SampleCount statistic tied to the rolling sum
Bug #1069840 reported by
Eoghan Glynn
This bug affects 1 person
Affects | Status | Importance | Assigned to | Milestone | |
---|---|---|---|---|---|
Synaps |
New
|
Undecided
|
Eoghan Glynn |
Bug Description
The SampleCount statistic is tied to the rolling sum maintained by pandas, as opposed to a rolling count of the observations received within the window. e.g.:
https:/
https:/
As a result it would appear that this statistic value would generally be incorrect, except in the special case where the average of the datapoint stream is constantly one.
Changed in synaps: | |
assignee: | nobody → Eoghan Glynn (eglynn) |
To post a comment you must log in.
Let's assume that we put metric data like below.
Timestamp / Metric Value
2012-10-23 00:00:02 / 30.0
2012-10-23 00:00:59 / 10.0
2012-10-23 00:02:01 / 11.5
2012-10-23 00:03:03 / 14.2
Currently, Synaps aggregates those raw metric data into the dataframe which has 1 minute resolution.
Timestamp / SampleCount / Average / Min / Max / Sum
2012-10-23 00:00:00 / 2 / 20.0 / 10.0 / 30.0 / 40.0
2012-10-23 00:01:00 / NaN / NaN / NaN / NaN / NaN
2012-10-23 00:02:00 / 1 / 11.5 / 11.5 / 11.5 / 11.5
2012-10-23 00:03:00 / 1 / 14.2 / 14.2 / 14.2 / 14.2
Synaps will evaluate alarms based on the dataframe above, appling rolling functions that is provided by pandas.
When it rolls up the SampleCount data using 'rolling_count' with 2 minutes of window, the result will be like below.

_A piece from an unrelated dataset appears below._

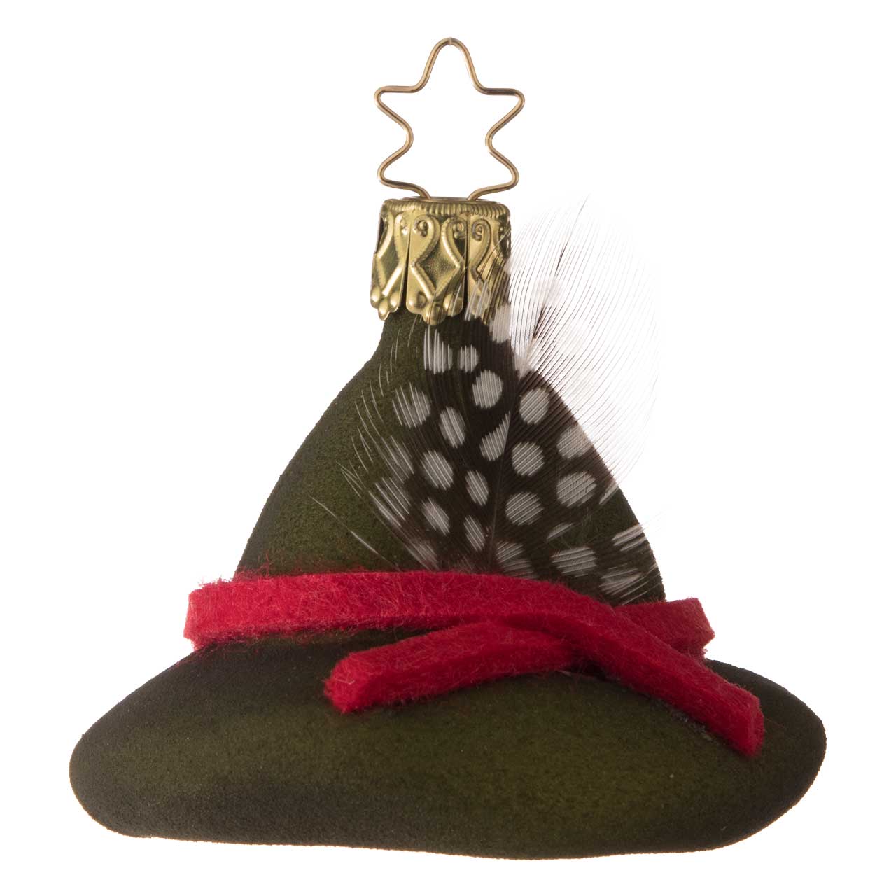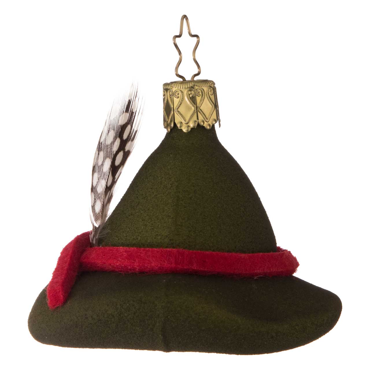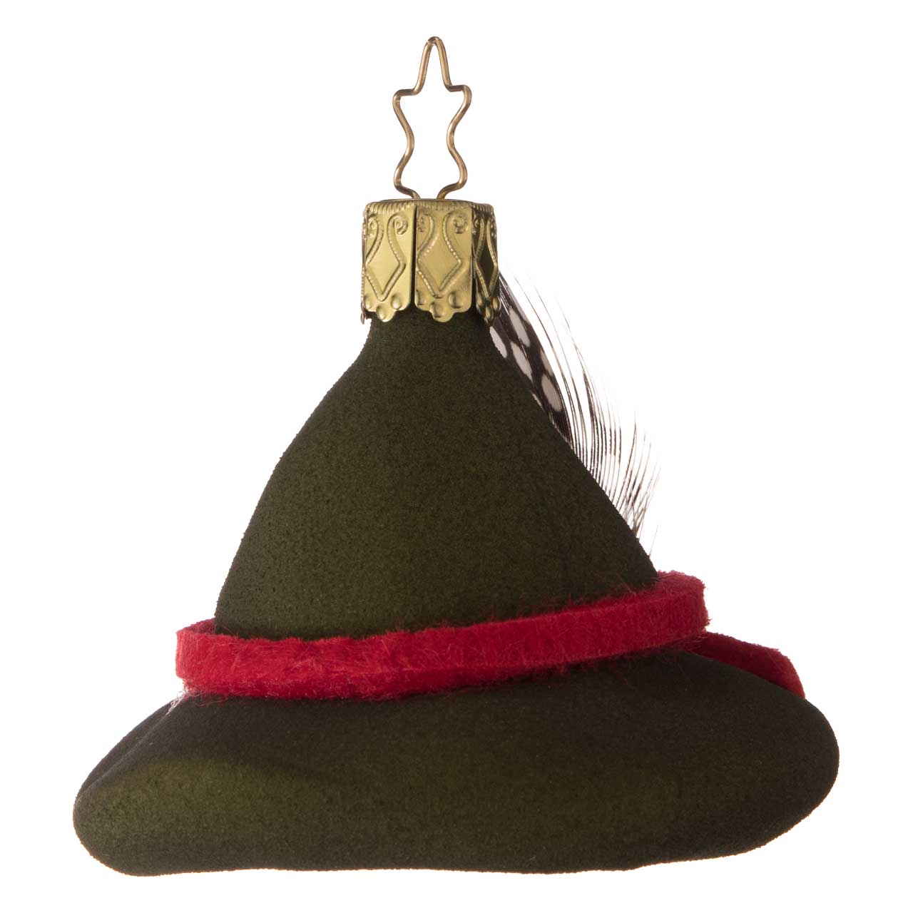 La figurine s'inspire d'un chapeau de garde forestier classique, avec un large bord et une couronne légèrement bombée. Elle se présente dans un vert profond et mat et est accentuée par un ruban rouge ainsi qu'une petite plume très détaillée. La boule allie un aspect textile doux à une forme claire, ce qui lui confère un aspect particulièrement authentique et charmant.

I call it 'Rolling Sample Count'.
result of rolling count (window: 2min)
2012-10-23 00:00:00 / 1
2012-10-23 00:01:00 / 1
2012-10-23 00:02:00 / 1
2012-10-23 00:03:00 / 2
And if it rolls them up using 'rolling_sum' with 2 minutes of window, the result will be like below.
Before rolling, I filled NaN as 0.
I call it 'Total Sample Count'
result of rolling sum (window: 2min)
2012-10-23 00:00:00 / 2
2012-10-23 00:01:00 / 2
2012-10-23 00:02:00 / 1
2012-10-23 00:03:00 / 2
I think both kinds of sample count are valuable.
'Total Sample Count' tells total sample counts of raw metric data.
'Rolling Sample Count' tells total sample counts of aggregated data.
Currently, Synaps provides 'Total Sample Count' for SampleCount.
That's why it uses rolling sum function for Sample Count.